Beside his Olympic participation he also has other accomplishments in his career: 12 times Portuguese clubs champion, national champion in all swimming categories, 100 national records, participated in 3 World and 5 European Championships, 5 World Cups, 1 University World Championship, 3 Latin Cups and 6 Youth Multinations events. He was a medallist in World and Latin Cups, Youth Multinations, and finalist in European Championships. Later in Masters competitions he was also a medallist in World and European events.
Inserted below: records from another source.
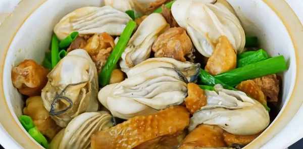 2、生蚝清洗一下,放几勺生粉抓洗之后用清水漂洗干净。先把鸡肉下锅炒香。取一个砂锅放入姜葱蒜炒香,然后把鸡肉移到砂锅里,上面铺上生蚝铺平,撒点胡椒粉,淋上一圈生抽调味,盖上盖子,用中小火焖10分钟。
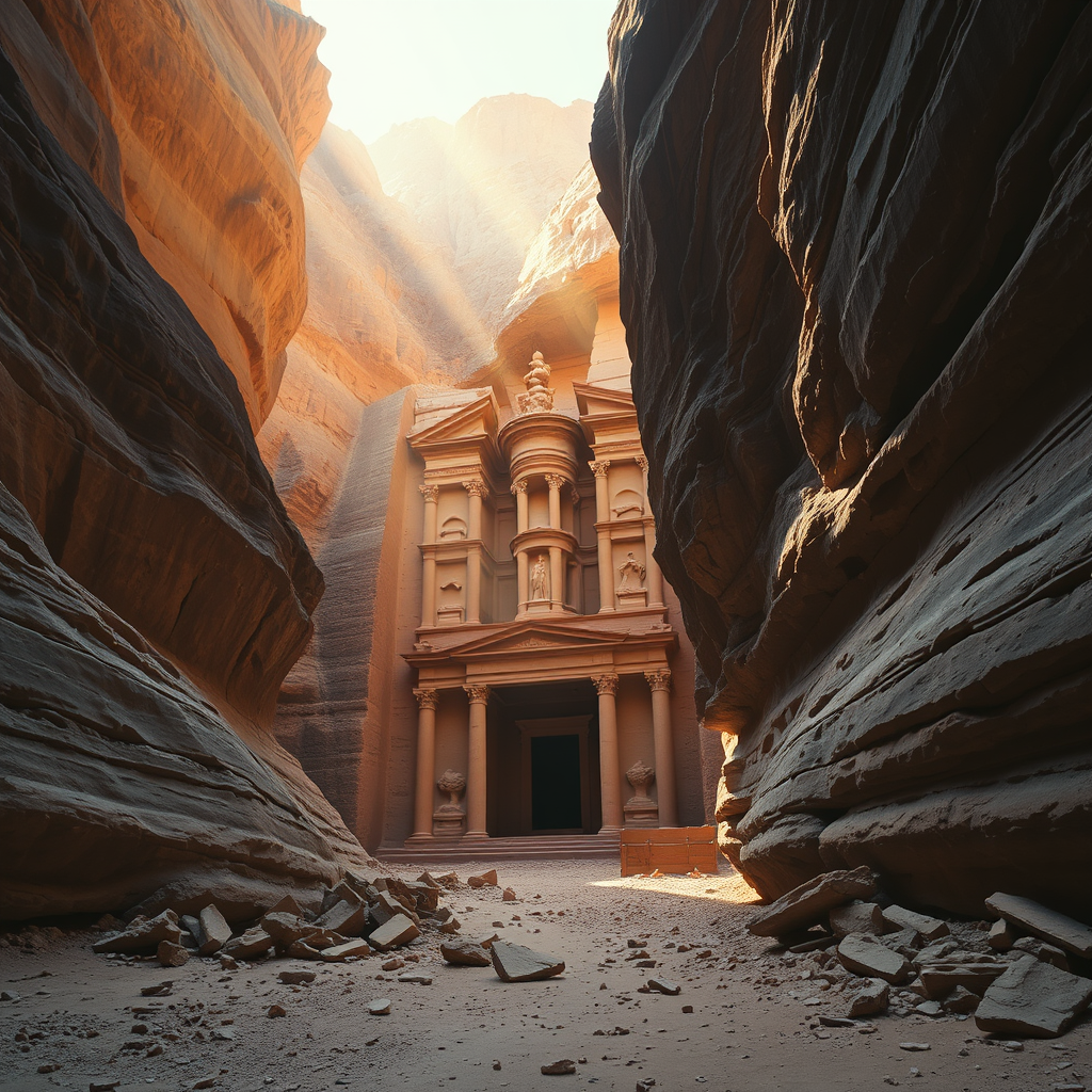 A majestic, ancient Sumerian temple is concealed within the rugged walls of a canyon, its once grand entrance now partially obstructed by scattered debris. Set against the backdrop of a vast desert, the scene captures the striking contrast of a dark canyon, gently illuminated by captivating light rays filtering from above. The architecture echoes the style of Petra, providing a cinematic and awe-inspiring view, enhanced by volumetric lighting effects that highlight the temple's intricate details. Despite the temple's ruinous state, its imposing presence remains untouched by time. The overall scene is envisioned in ultra-high definition, capturing every texture and color vividly. Unbeknownst to the casual observer, subtle creative modifications bring new life to this timeless relic, emphasizing its historical relevance while maintaining a sense of mystery and allure. The composition steers clear of common digital anomalies, ensuring an authentic and immersive visual experience.
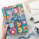 Denna papper har en Kandinsky-inspirerad utformning av koncentriska cirklar i många olika färg som upprepas över hela designen.
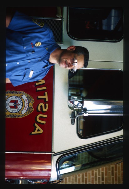 Fireman with short cut hair standing in front of a shiny fire engine.
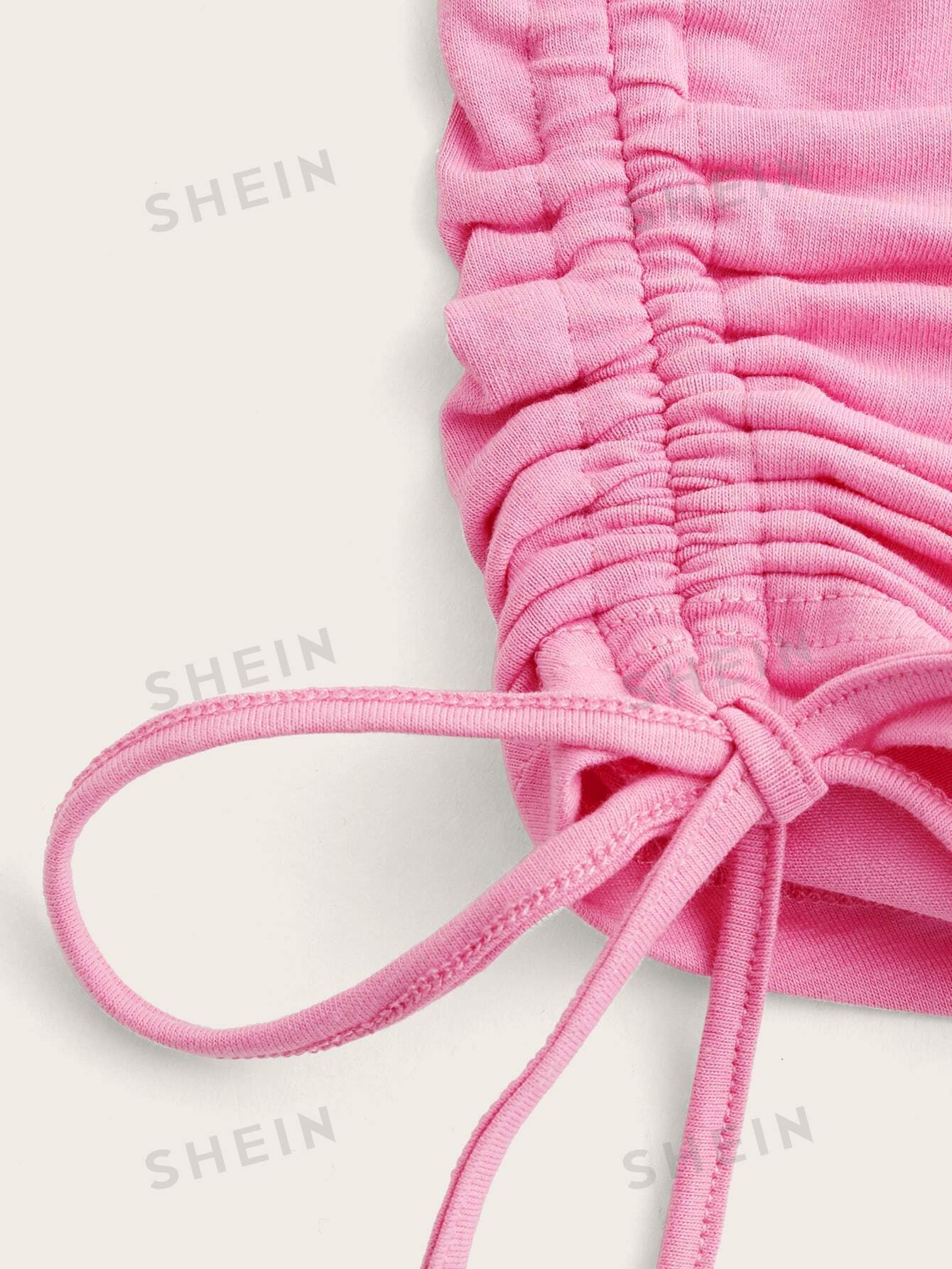 SHEIN ICON Camiseta corta con diamante de imitación con estampado de letra con cordón lateral

Participated in a Guinness world record, in several Portuguese open water crossings like Setúbal, Troia and Sesimbra, won the challenger Open Water event in Tomar and also the crossing Ricardo Pedroso, named after him.

As coach, he was national clubs champion with 4 different clubs and the only to be clubs champion both as a swimmer and coach.